I want to extract a file, it should start with [{"linkId":"changeDriveLink"
and finish by a text just befor ,"zone"
my input is:
[{"linkIdsd":"changeDridsdve [{"linkId":"changeDriveLink","url":"/drive
/3696434","zoneId":"forceAjax"},{"linkId":"printProductsFormSubst","url":"/drive/rayon.pagetemplate.substitutionlist.printproductsformsubst","zoneId":"forc
,"zone"
and i want to have:
[{"linkId":"changeDriveLink","url":"/drive
/3696434","zoneId":"forceAjax"},{"linkId":"printProductsFormSubst","url":"/drive/rayon.pagetemplate.substitutionlist.printproductsformsubst","zoneId":"forc
how can i do this by regex please?
The regular expression
re.compile(r'^\[\{"linkId":"changeDriveLink".*,"zone"', re.DOTALL)
should do this. The .*
in the middle represents any character, and the re.DOTALL
makes sure, that even newlines are matched, in case your json is pretty-printed.

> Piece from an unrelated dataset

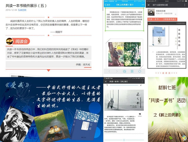 此外,本次“共读一本书”活动采用了线上线下交流互动的方式。学生们可以将自己所阅读的书籍进行线上宣传和分享,各班级也能在班级内部网络平台上分享对书籍、文字的感悟和收获。学生们通过在线上互相交流的方式,对书籍内容和思想意义有了更深刻的理解。
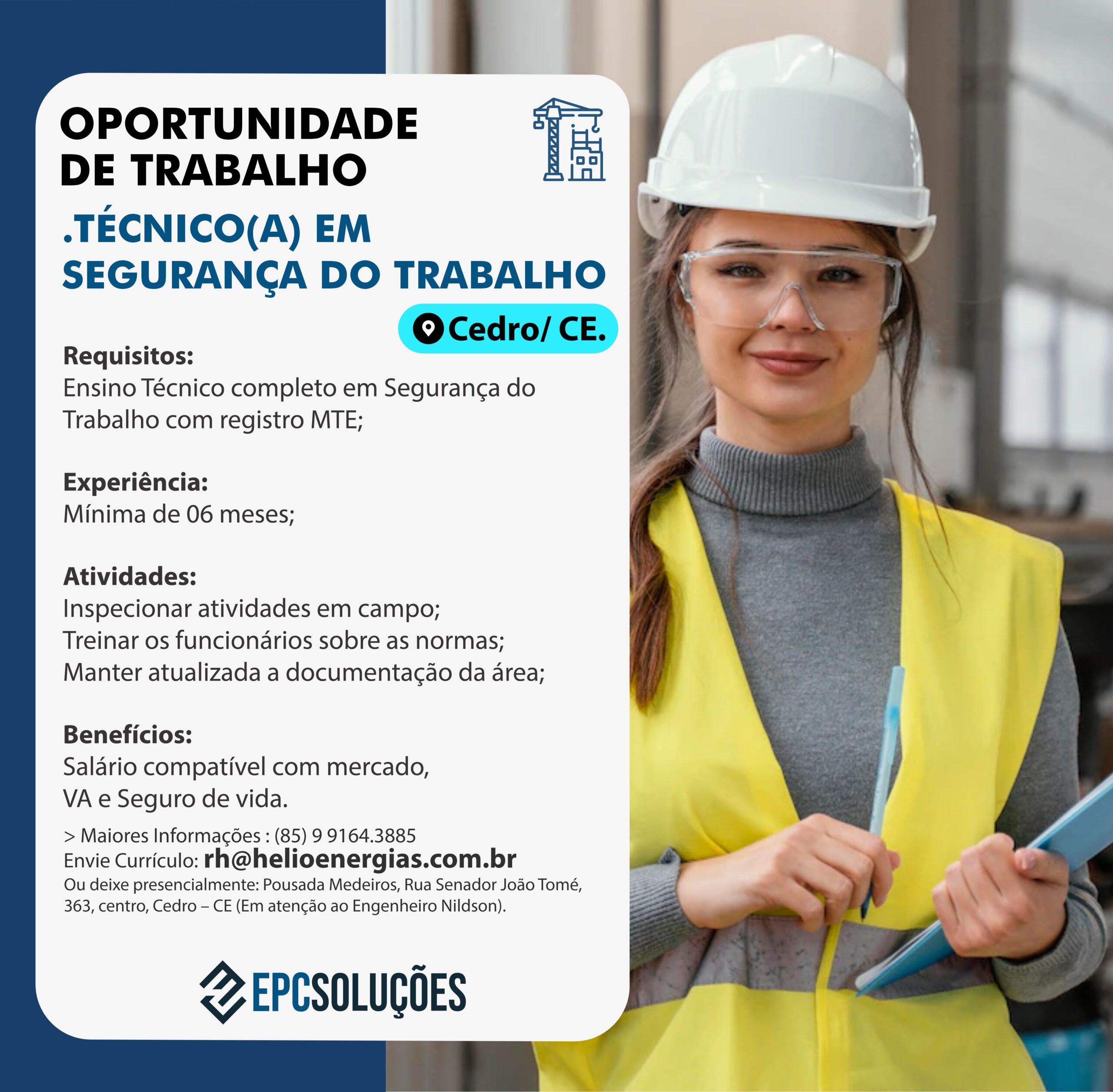 Vaga para Técnico em Segurança do Trabalho – Cedro (CE)

But I think it would be better, to load the file with the json
package, and then check if it satisfies your requirements:
import json
with open('filename_here.json', 'r') as json_file:
data = json.load(json_file)
if data[0]['linkId'] == 'changeDriveLink':
# then its OK
else:
# not OK
Based on the string you've given, your json is a list
(array), and its first element is a dict
, and the dict
has a 'linkId'
key with the value 'changeDriveLink'
. This is what I check in the if
statement.
EDIT:
Now I understand what you want to do.
First, you should omit the ^
charachter from the beggining of the expression, since the string you provided is not the start of the json file, it should be the beginning of the result.
Then, you can get the string you want with e.g. grouping:
pattern = re.compile(r'.*(?P<result>\[\{"linkId":"changeDriveLink".*),"zone"', re.DOTALL)
match_obj = pattern.match('your_json_string')
if match_obj is not None:
the_string_you_want = match_obj.group('result')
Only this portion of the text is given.